Directions for this task: Pick each line that has "important" out of the records.

Data to examine:
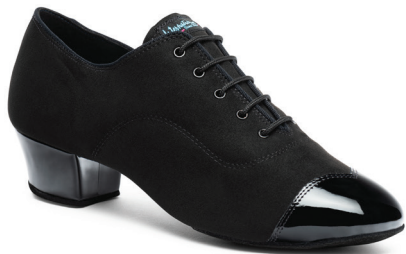
RUMBA DUO black nubuck/ black patent made to order
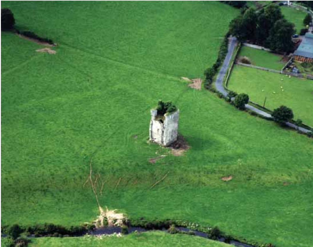
Illus. 3—Gortnaclea Castle (RMP No. LA023-016) with surrounding bawn (enclosing feature) from the east, August 2001

photography. The photographs were taken at an oblique angle to maximise the recognition of subtle features. Given the known level of intensive agricultural practices along the scheme, aerial survey was a particularly important tool for identifying levelled or partly levelled sites that had no visible expression at ground level. It also provided an excellent opportunity to view the proposed road scheme from a different perspective and ensured a familiarity with the landscape.
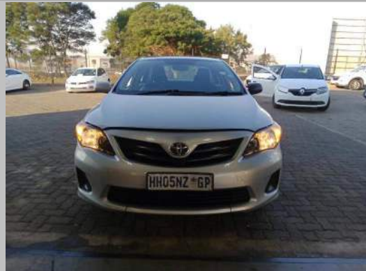
90 DEGREE FRONT
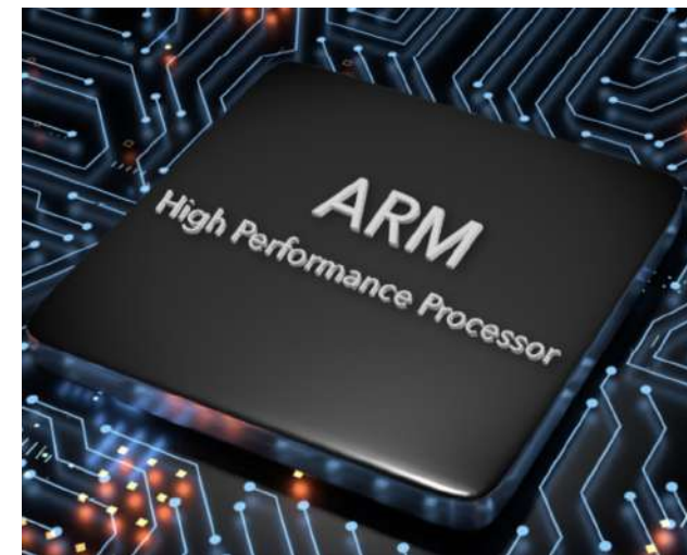
High-speed processor, first-class performance

The 5.5-inch IPS capacitive full HD screen displays important information utmost precision and offers an error-free use experience.

Result of the exercise:
photography. The photographs were taken at an oblique angle to maximise the recognition of subtle features. Given the known level of intensive agricultural practices along the scheme, aerial survey was a particularly important tool for identifying levelled or partly levelled sites that had no visible expression at ground level. It also provided an excellent opportunity to view the proposed road scheme from a different perspective and ensured a familiarity with the landscape.
The 5.5-inch IPS capacitive full HD screen displays important information utmost precision and offers an error-free use experience.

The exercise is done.